Photo of a traffic jam seen from the inside of a car
Artificial intelligence

Goodbye to Traffic Jams? AI Is Taking Over Traffic Lights

Science fiction offers us two visions of the future. A pessimistic one, where technology has made society worse, incredibly unequal and unjust, suffering on a planet that is polluted and sick. And an optimistic one, where that same technology has managed to bring out the best in our species and we’re living in a cleaner, quieter, more just world with flying cars and… no traffic jams?

24 of September of 2019

The rubbernecker effect, inclement weather, spikes in demand, or the accordion effect. The causes behind heavy traffic haven’t really been discussed.  Some have to do with the behavior of drivers. Others with unexpected occurrences. And yet others with the way traffic is managed. Artificial intelligence has a lot to offer each of these and can do so simply by controlling a traffic light.

Traffic lights that watch over the streets

In 2017, drivers in the United Kingdom on average spent 45.73 hours trapped in traffic jams. Italians, 37.36, and Spaniards, 25.6. These figures, from the European Commission’s Directorate-General for Mobility and Transport obscure the much higher rates in cities. In 2018, London drivers lost 227 hours due to heavy traffic, those in Rome 254, and Madrilenians 129 hours, according to the INRIX 2018 Global Traffic Scorecard. And how would a smart traffic light solve this?

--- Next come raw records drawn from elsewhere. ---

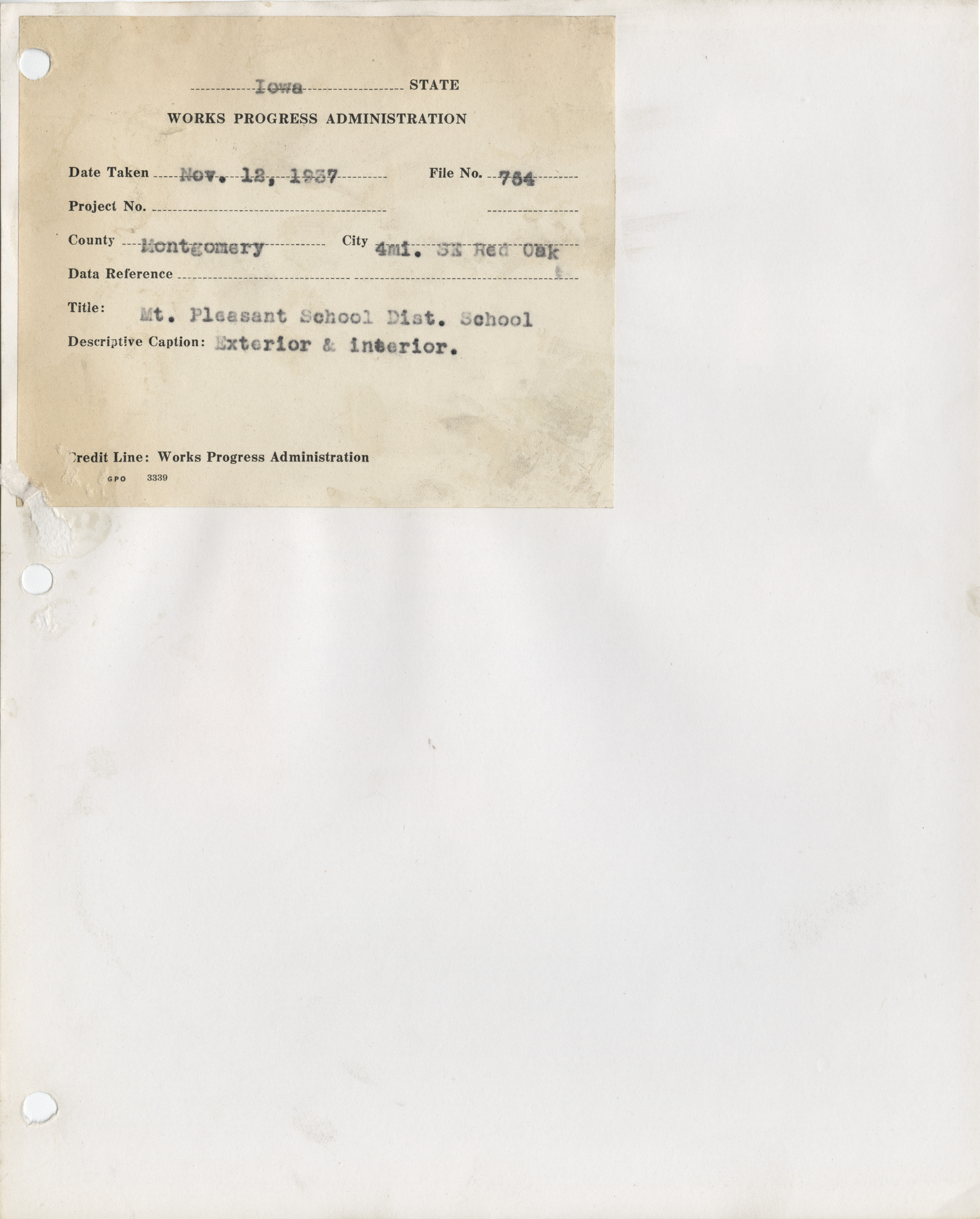 - District 5. Montgomery County. Red Oak. Mount Pleasant School District School. Project 3533. (3 b/w photographs), 1937-1938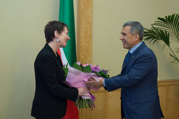 Встреча Президента Республики Татарстан Р.Н.Минниханова с Советником-посланником Посольства Великобритании и Северной Ирландии в Российской Федерации г-жой Барбарой Хабберджэм. Фото Марсель Бадыкшин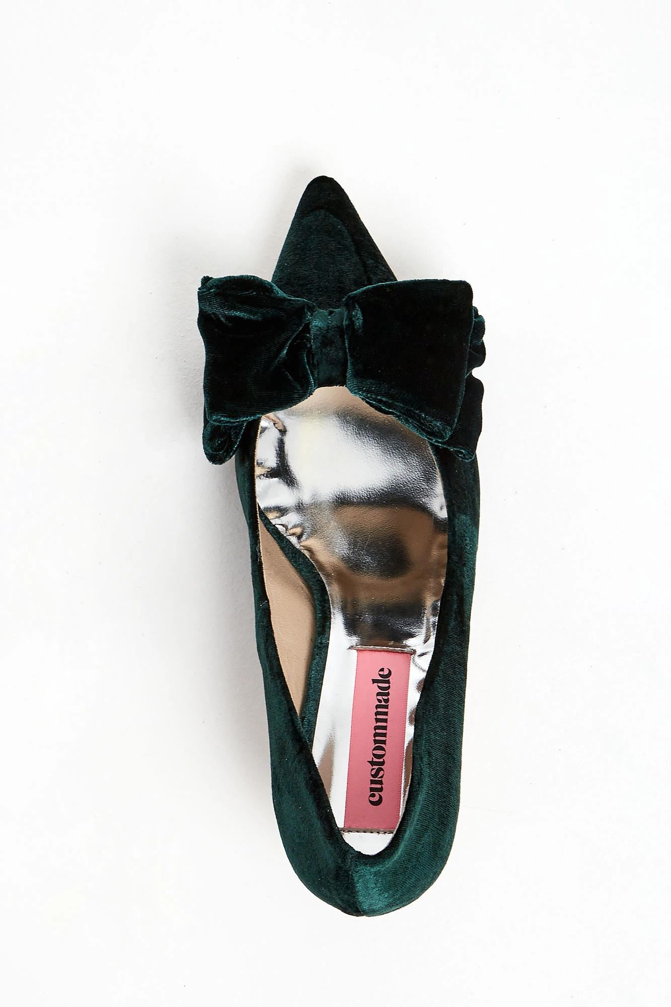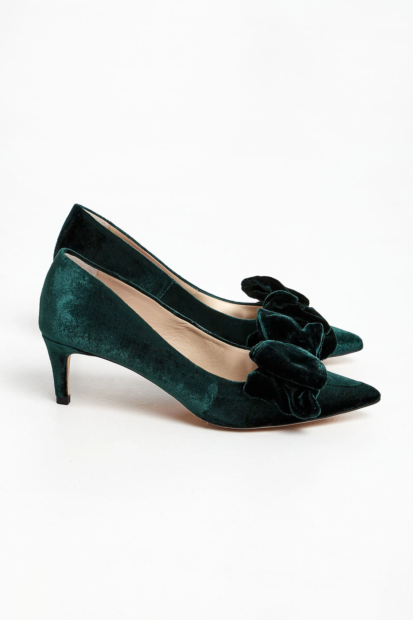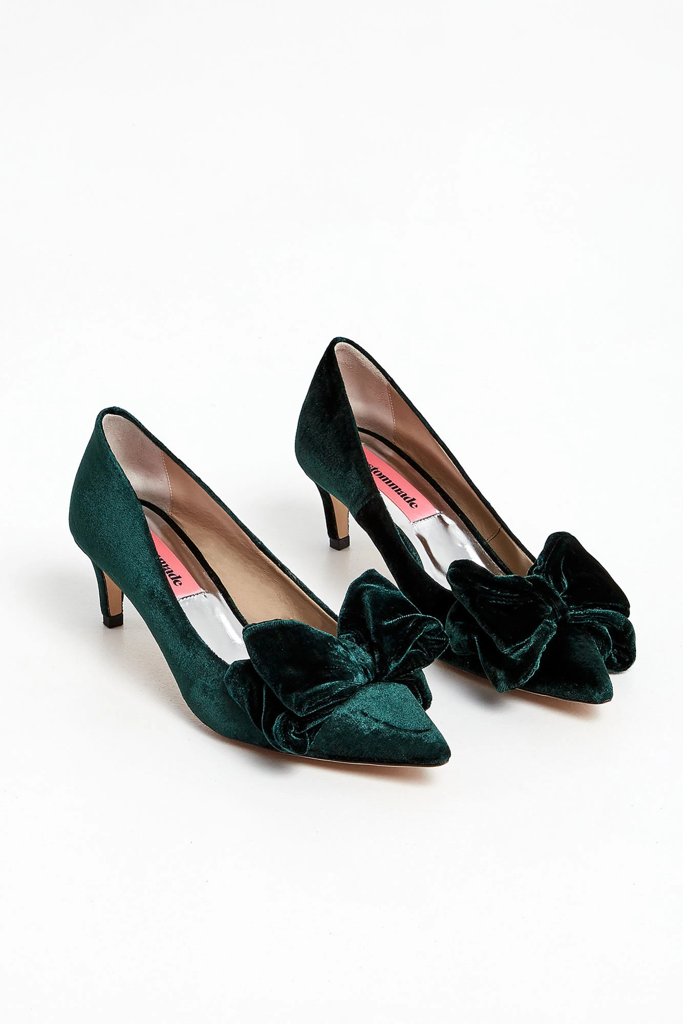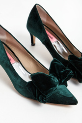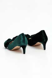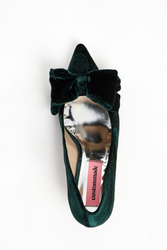 Szpilki marki Custommade w kolorze szmaragdowej zieleni. Z przodu kryte palce i duża, podwójna kokarda. Materiał wierzchni wykonany z aksamitu. Podeszwa w beżowym kolorze.
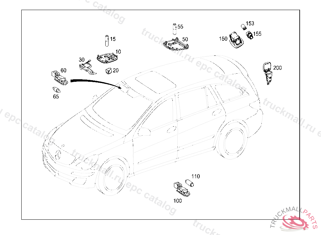 INTERIOR LAMP ROOF MOUNTED OPERATING UNIT, A 01040520051111 ONLY VALID WITH EQUIPMENT: 001A/008A/101A/108A/201A/208A/501A/508A/901A/908A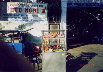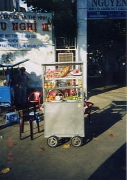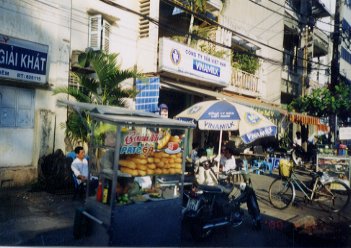 巷のフランスパン売りワゴン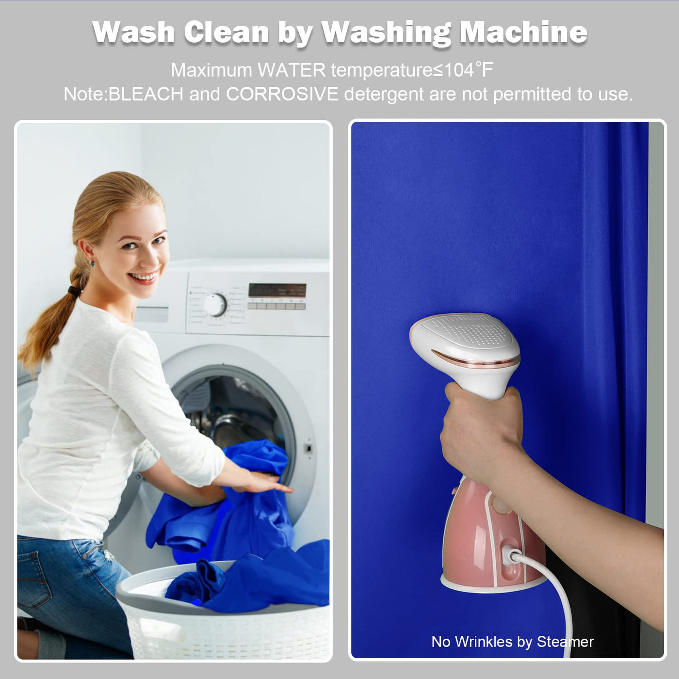 Q: Is the Aimosen backdrop machine washable?A: Yes, the Aimosen blue backdrop is machine washable and can be cleaned multiple times without fading. However, avoid using bleach or corrosive detergents, and ensure the maximum water temperature does not exceed 104℉.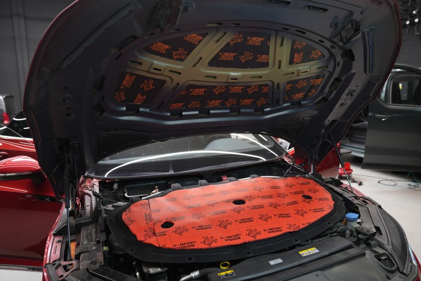 На монтажа работеха четирима наши техници и целият процес отне един работен ден. Резултатът е значително по-тихо купе и преди всичко комфортно пътуване, което отговаря на премиум амбициите на този модел. Според наши предишни измервания на шума при автомобили от този клас с материали Comfortmat постигнахме намаление на шума в интериора средно с 3,5 до 4 dB, което представлява повече от двукратно намаление спрямо фабричната звукоизолация. И това много се усеща в комфорта на интериора.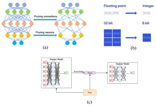Model compression methods: (a) pruning, (b) quantization, and (c) knowledge distillation [,,].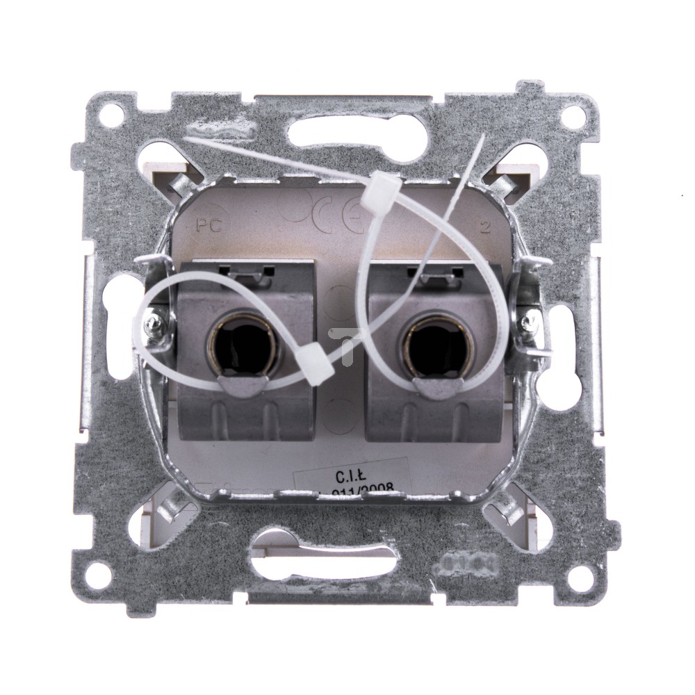Simon 54 Gniazdo komputerowe podwójne 2xRJ45 kat.6 ekranowane z przesłoną zloty mat D62E.01/44 WMDK-0640xx-044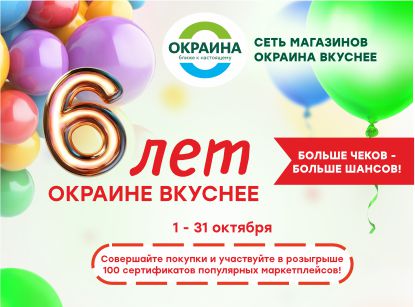 - совершить покупку любой продукции «Окраина» (кроме продукции сторонних производителей) на сумму от 1000 руб.
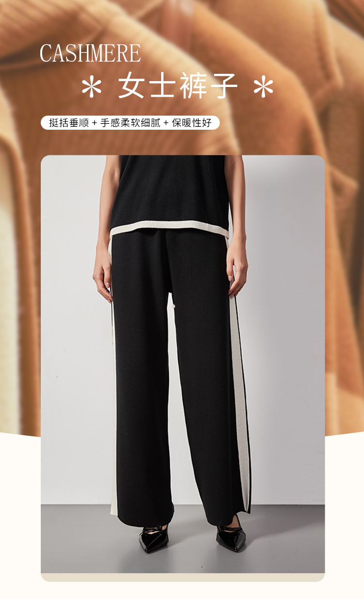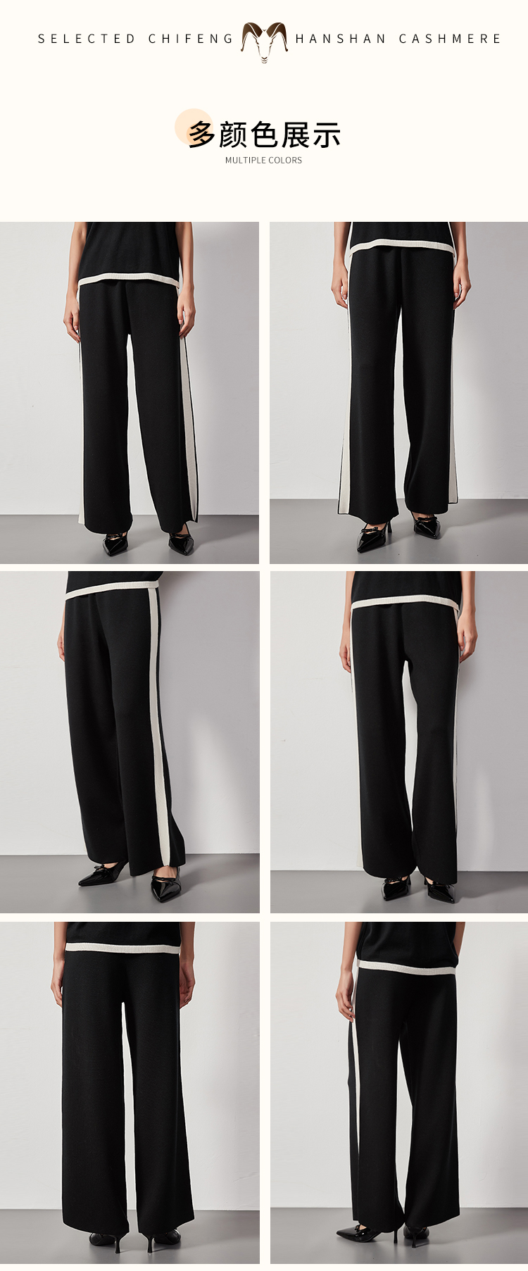 东黎 • 丝绒款女士春夏黑白显瘦直筒阔腿裤 4227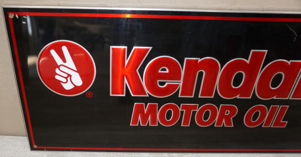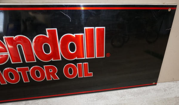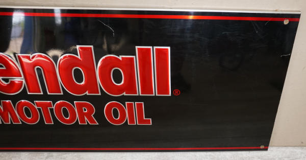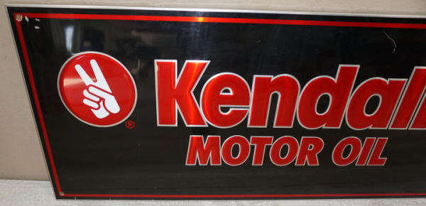 Modern made, wood back, looks like it's maybe part of a larger sign, has a couple of deep scratches, but still good color and shine, 23"x59"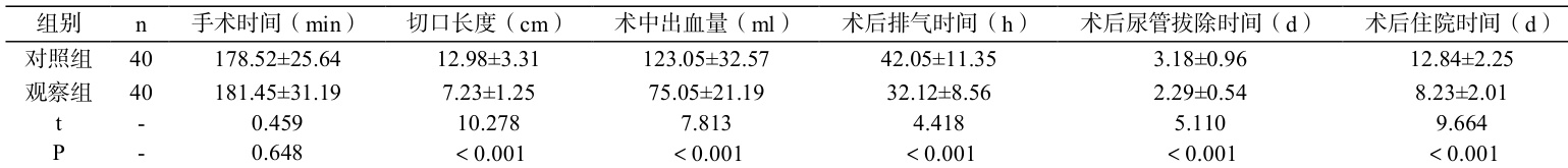 表 1 显示,两组手术时间相比,差异性较小, P>0.05 ,但观察组患者切口长度、术后排气时间、尿管拔除时间、住院时间均短于对照组,同时术中出血量更低, P<0.05 。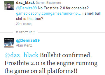Любители теорий заговора стали распускать слухи о том, что Frostbite 2.0 используется только в РС-версии игры. Но дизайнер игрового процесса Алан Кертз (Alan Kertz) из DICE заявил, что это полная чушь, добавив, что все версии Battlefield 3 создаются на базе нового движка Frostbite 2.0.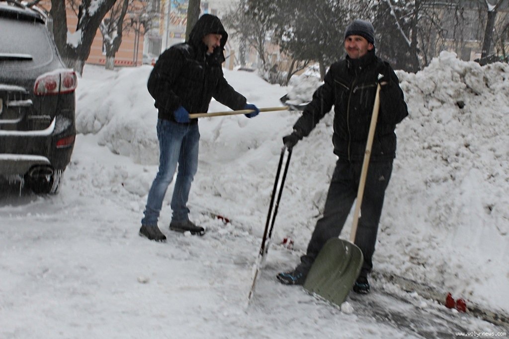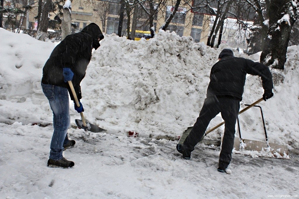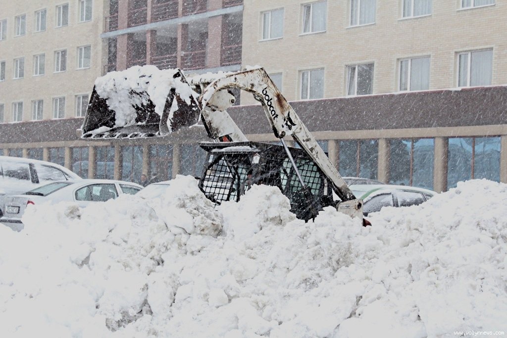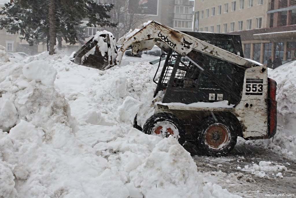 Грейдерами та лопатами розчищають сніг у центрі Луцька.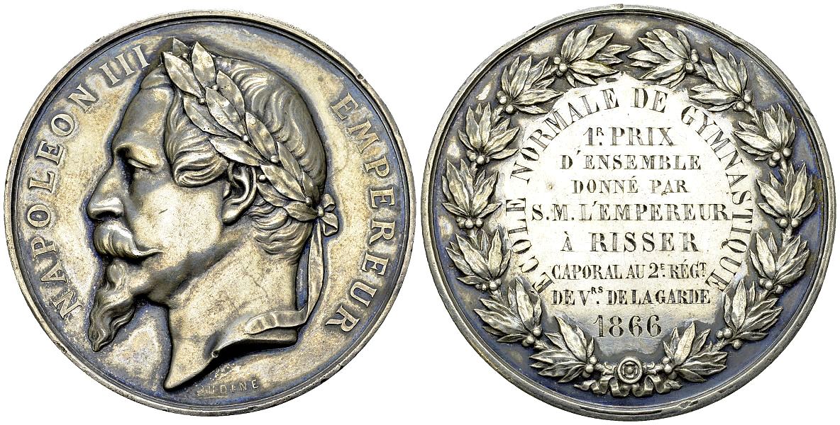 France, 2nd Empire. Napoléon III. Médaille en argent 1866 (51 mm, 63.04 g), Ecole normale de gymnastique, 1.R PRIX/ D'ENSEMBLE/ DONNE PAR / S.M. L'EMPEREUR / À RISSER / CAPORAL AU 2E REGT / DE V.RS DE LA GARDE / 1866. Poinçon ARGENT.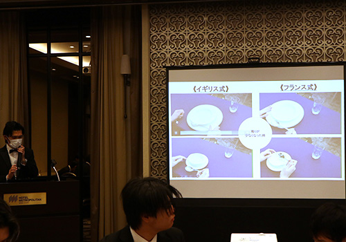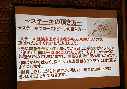 スライドを使って、テーブルマナーの必要性や歴史、食べ終わった後のナイフやフォークの置き方などを、とても丁寧に説明していただきました。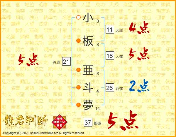 小(3画)板(8画) 亜(8画)斗(4画)夢(14画)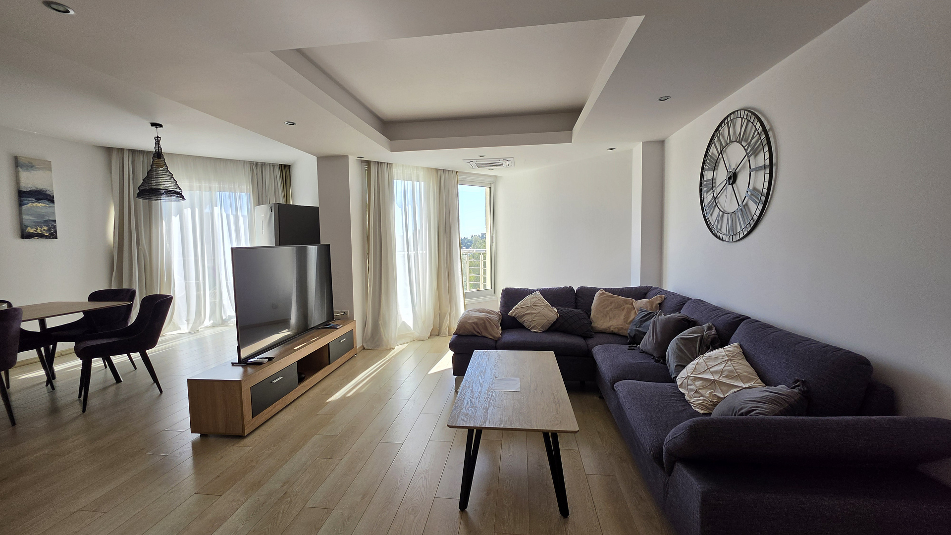 Two-bedroom apartment of 105 m2 for rent in Potamos Germasogeias, Limassol. The apartment includes 2 bedrooms, 2 bathrooms, a kitchen, a living room and 2 balconies. The apartment is fully furnished, equipped with all necessary household appliances and equipped with an air conditioning system. The apartment is located on the 5th floor. The property is located in a complex, just 100 m from the sea, with direct access to the beach and water sports. The residence offers a swimming pool, a large gym, cleaning services and round-the-clock security, ensuring a high level of comfort and safety of living, as well as a covered parking space.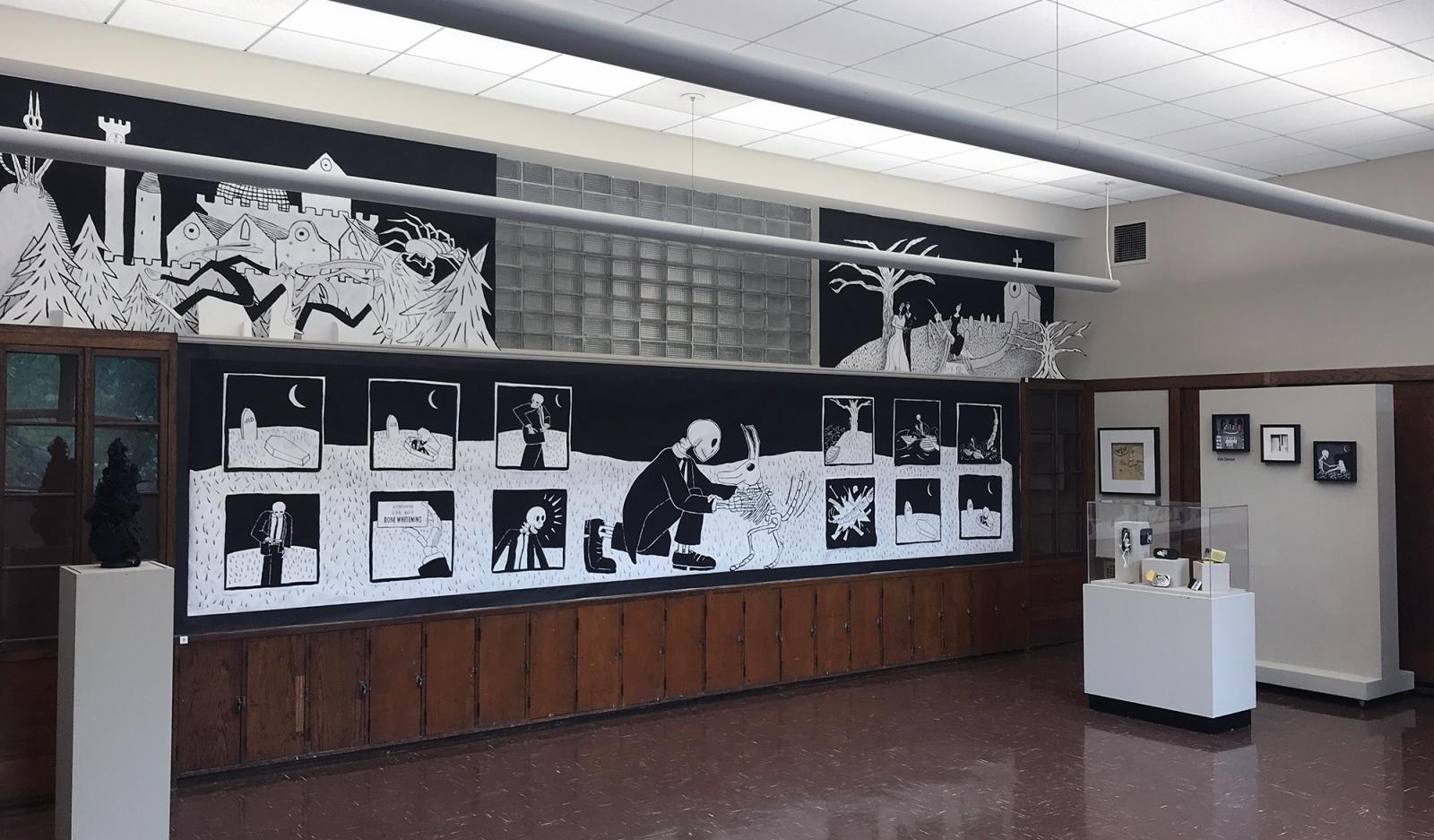 This is an installation at the Greenbelt Arts Center, and features large tyvek paintings, shadow boxes, and dozens of tiny dioramas in altiod tins, spoons and watches.

image of a man in profile on a street with yellow taxis and semaphores Urban Sanden

IBM is one of the companies that think that artificial intelligence can offer us a future free from traffic. Last year, its team of engineers, led by John B. Gallagher and Steve Hobson, registered a patent for a new traffic light control system based on real-time management of information received from a set of cameras. Thanks to an artificial intelligence algorithm, traffic lights are capable of adapting to traffic, instead of the other way around. Additionally, as with every machine learning system, the traffic lights can learn from their environment and optimize their operations more and more.

In this system, the first source of information is video. It would be like giving a traffic light eyes, or, even better, giving the signal some of the abilities of a traffic officer. Artificial intelligence analyzes the video, identifies patterns, and acts accordingly. “We want to detect anything that may influence the traffic light’s behavior, like extending the time of the crossing signal to help students cross safely,” Steve Hobson remarks.

In addition to the video, the system can include other sources of information, like sensors or meteorological data, as well as identifying patterns in the data history to reduce traffic (and the associated pollution and noise) and increase roadway safety.

Aerial view of the city of Pittsburgh Aerial view of the city of Pittsburgh, Pennsylvania / Igor Oliyarnik

Pittsburgh’s experience

IBM’s patent is, at the moment, in labs and at the United States’ patent office. But there are already real use cases for similar technology. Since 2012, the city of Pittsburg, in collaboration with Carnegie Mellon University, has had smart traffic lights. It started out as an experiment and a pilot project, and today the city has more than 50 intersections regulated by smart traffic lights.

Since the first results came in seven years ago, the city had no doubt about it. The system, which was named Surtrac, has managed to reduce traffic by 40%, average travel times by 25%, and emissions by 20%. The Surtrac traffic lights are equipped with sensors and cameras. As with IBM’s system, artificial intelligence analyzes all this information in order to reorganize and optimize the traffic lights’ behavior.

At the end of last year, the municipal government announced that it was investing $11 million to continue expanding the system. Today, Carnegie Mellon’s smart cities institute, Metro21, and the robotics department have already developed a second version of the AI algorithm, Surtrac 2.0. And the technology has served as the basis for creating a startup, Rapid Flow Technologies, to commercialize the solution in other cities.

Night shot of Manhattan Red lights in traffic in Manhattan, New York. / Corinne Lanthemann

And what if we end up not needing traffic lights?

Artificial intelligence is still in its infancy. If, someday, as forecasted by some, it comes to dominate the entire technological spectrum, will we even need traffic lights? If we have smart self-driving vehicles that run on smart roads through cities that are fully equipped with sensors and automated, why would we need lights that tell us how to drive?

In the English city of Milton Keynes, they are trying this out (though with human drivers instead of self-driving cars). There, they are putting intersection priority management to the test. With cars equipped with V2V (vehicle-to-vehicle) communication technology, a smart system analyzes the location, the direction, and the speed of each vehicle; decides who should have the right-of-way; and tells the driver whether they should continue, slow down, yield, or stop. As if there were a traffic light on every dashboard.

The initiative isn’t the only one that Milton Keynes has put into practice for smart traffic management. Since last year, they also have a system of smart traffic lights developed by Vivacity Labs that adapts to the needs of every road at all times.

London and Munich are other cities that are gradually deploying artificial intelligence systems to control their traffic lights. The promise of less congested, better-flowing, cleaner cities is well worth it. Technology offers us these possibilities. The decision about what sort of future we want is in our hands.